- _TASK DESCRIPTION_
Repeat, please, exactly the lines from the one that has "咲く気になったようだ…と書い" through the end of the records below, with pictures dropped.

Collected data entries:
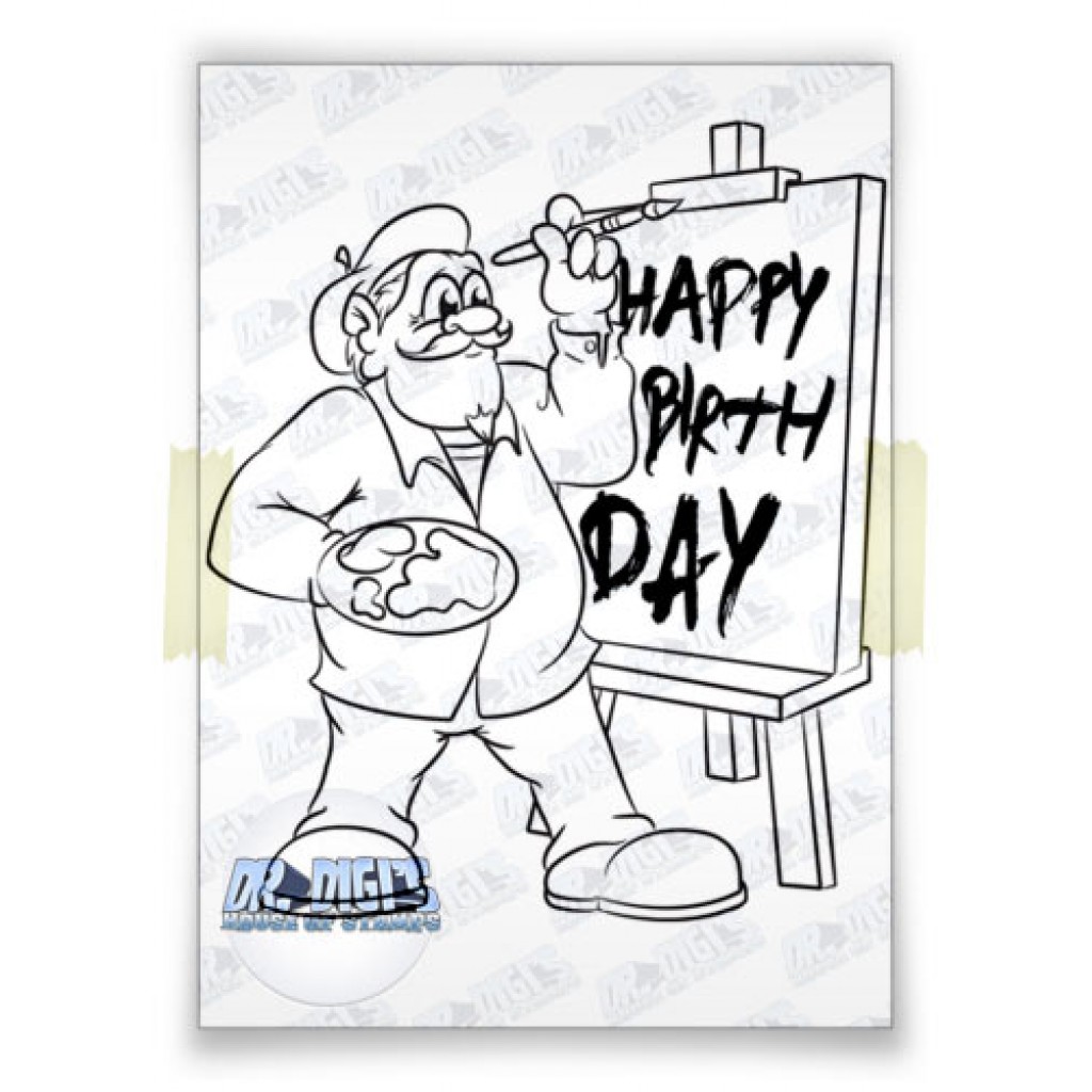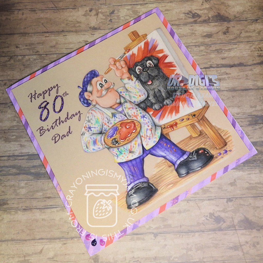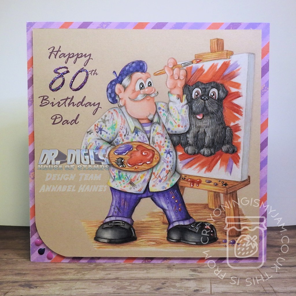 I really wanted to make his smock look splattered this time, rather than just a painterly mess, I am not sure I achieved it, but it was a fun overall look! Once it was all made up I added some stickles glitter to the “80” and some splashy bling in one corner.
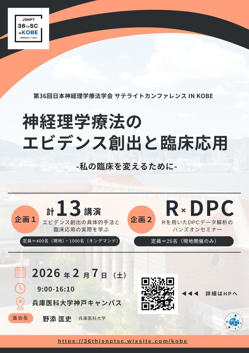 2025.12.16【県外研修のお知らせ】 第36回日本神経理学療法学会サテライトカンファレンスinKOBEのご案内(兵庫県) 36thjsnptsc.wixsite.com/kobe 日時:2026年2月7日(土) 会場:兵庫医科大学 神戸キャンパス #岐阜県理学療法士会 #第36回日本神経理学療法学会 #リハビリテーション #理学療法 #理学療法士 pic.x.com/nySqOL2Bea
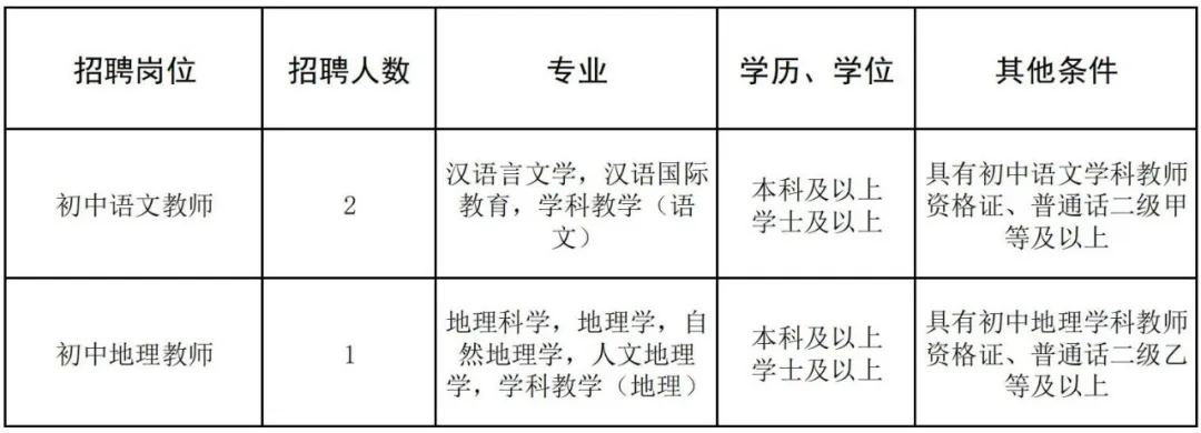 根據發(fā)展需要,學校擬招聘初中語文、初中地理頂崗教師共3人,具體招聘信息如下:
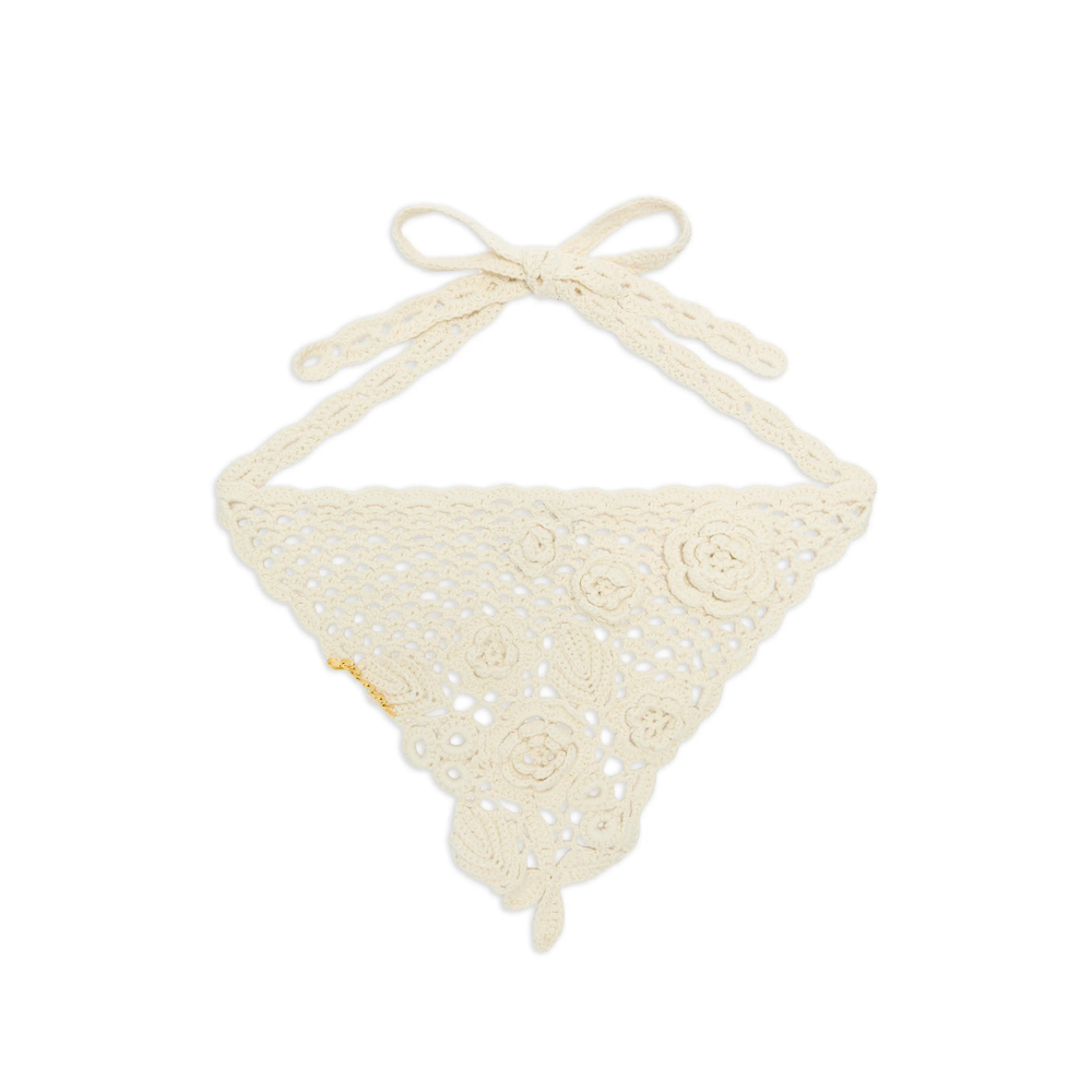 cream crochet knit floral appliqués scalloped trim tie fastening triangular shape
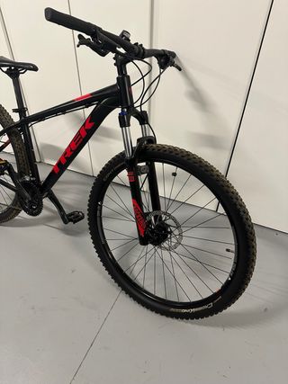 Bicicleta de montaña Trek Marlin 7 29” talla de cuadro M . Se encuentra en perfecto estado , cuenta con las siguientes características: -Freno hidráulico -Freno de disco -Bloqueo de suspensión delantera -Componentes shimano( cassette , pedalier, cambio trasero, desviador, manetas) -Suspensión rockshox -Componentes bontrager( Sillin , manillar) -Contador de km( habría que ponerle pila) #mtb#bici#enduro#descenso
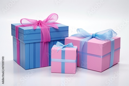 Fototapeta premium blue and pink gift boxes of the same size and shape
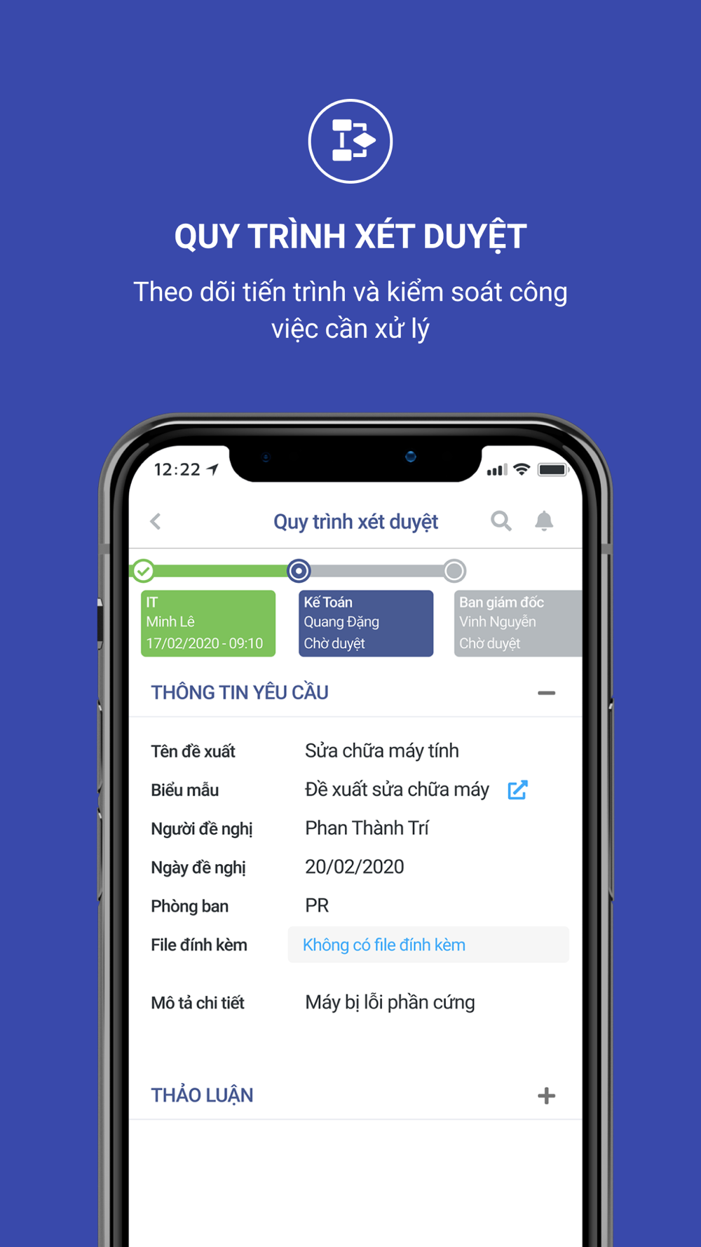 + Way Request: Ứng dụng xét duyệt yêu cầu đề xuất, hệ thống hoá quy trình làm việc đảm bảo đúng tiến độ và yêu cầu của luồng công việc
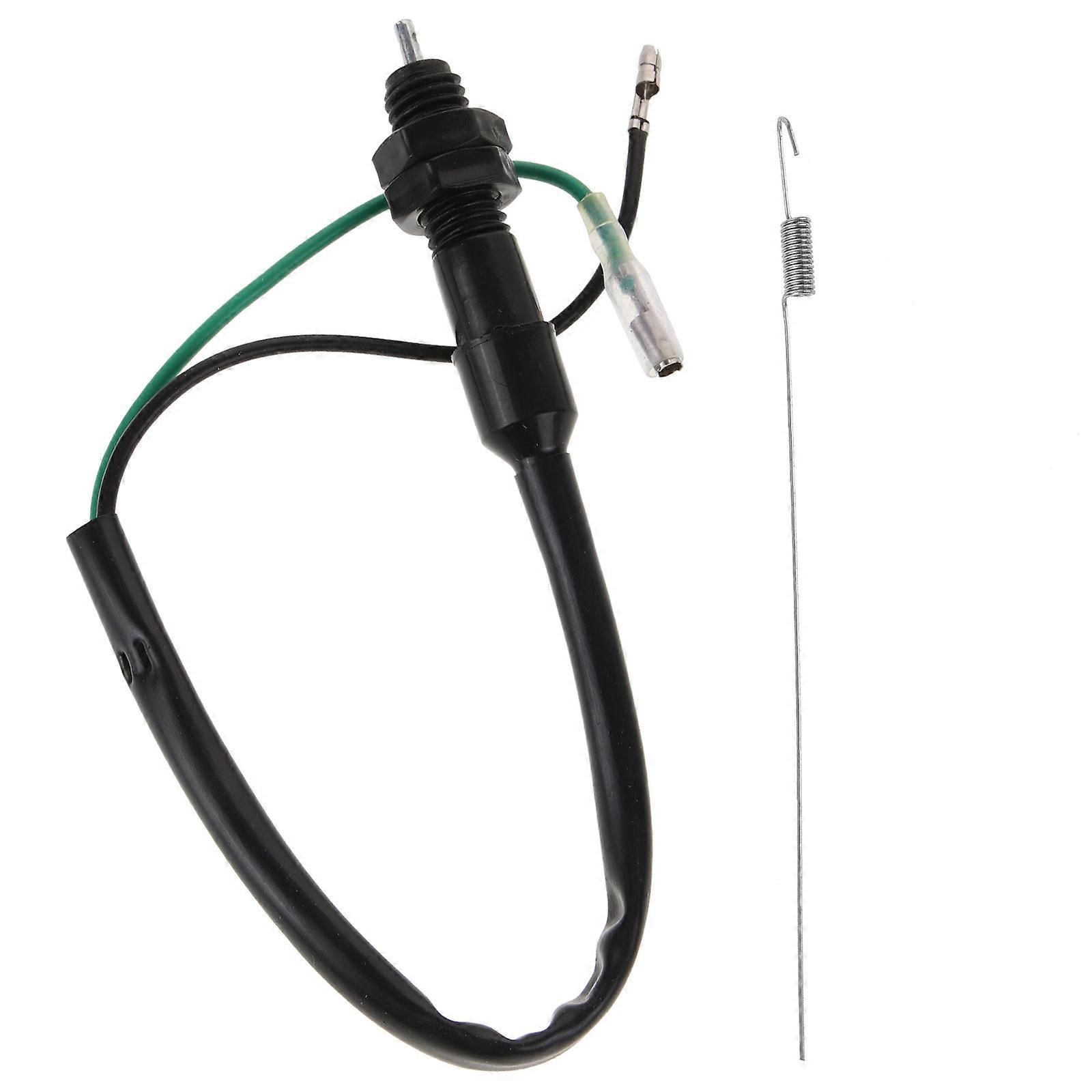 The 2 wire rear brake switch with spring is designed specifically for atv and four-wheel motorcycle. Made from rubber, metal materials, hard to break and not easy to damage. This accessory is simple to install and greatly enhances driving safety. Features -Color:Black -Material:Rubber, metal -Size:36.00X2.00X2.00cm/14.15X0.79X0.79in -Enhances safety: Improves the overall safety of atv by implementing advanced safety features. -Easy installation process: The installation of the brake light switch is simple and portable. -Reliable and responsive braking: Ensures that the braking system of the atv is dependable. -Crafted using rubber, metal materials, with durability and longevity of the brake light switch. -Specifically designed: Brake light switch is suitable for atv, ensuring optimal performance and compatibility. Package list: 1 x Brake Light Switch 1 x Spring
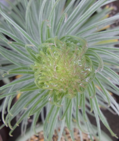 咲く気になったようだ…と書いた途端,花茎がグングン上がって来た.画像右は真上から見たところ.
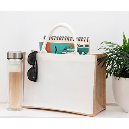 Bolsa fabricada en algodón de 120 onzas con detalles en yute en laterales y contorno. El diseño de esta bolsa cuenta con un par de asas que te permiten cargarla de manera segura y cómoda. Medidas: 26x36.5 cm.
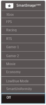 | 11 | | Menyu ya Mchezo ya SmartImage. Kuna chaguo nyingi: Xbox, FPS, Racing, RTS, Gamer1, Gamer 2, Movie, Economy, LowBlue Mode, SmartUniformity, Off. Wakati kifuatiliaji kinapokea mawimbi ya HDR, SmartImage itaonyesha menyu ya HDR. Kuna chaguo nyingi: Xbox, HDR Game, HDR Movie, HDR Photo, DisplayHDR 1000, Personal, Off. |
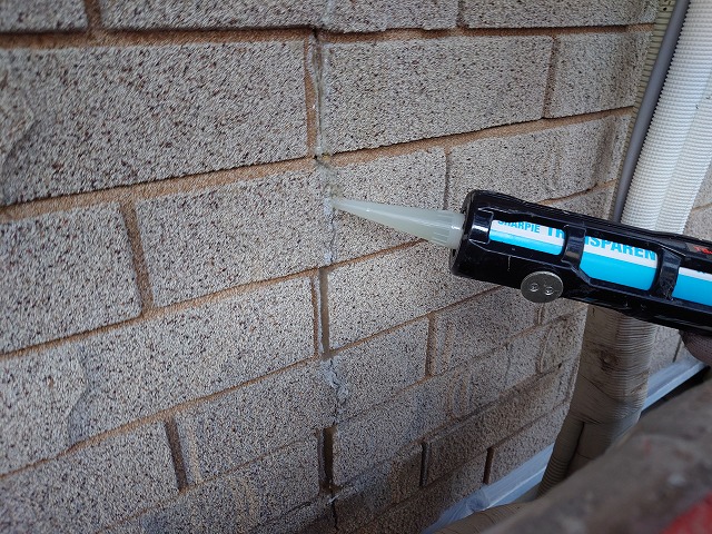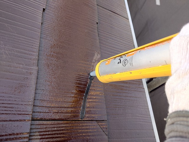 外壁サイディング目地へ新規シーリング材のヘラ均しです。

- _SOLUTION TO THIS TASK_
 咲く気になったようだ…と書いた途端,花茎がグングン上がって来た.画像右は真上から見たところ.
 Bolsa fabricada en algodón de 120 onzas con detalles en yute en laterales y contorno. El diseño de esta bolsa cuenta con un par de asas que te permiten cargarla de manera segura y cómoda. Medidas: 26x36.5 cm.
 | 11 | | Menyu ya Mchezo ya SmartImage. Kuna chaguo nyingi: Xbox, FPS, Racing, RTS, Gamer1, Gamer 2, Movie, Economy, LowBlue Mode, SmartUniformity, Off. Wakati kifuatiliaji kinapokea mawimbi ya HDR, SmartImage itaonyesha menyu ya HDR. Kuna chaguo nyingi: Xbox, HDR Game, HDR Movie, HDR Photo, DisplayHDR 1000, Personal, Off. |
 外壁サイディング目地へ新規シーリング材のヘラ均しです。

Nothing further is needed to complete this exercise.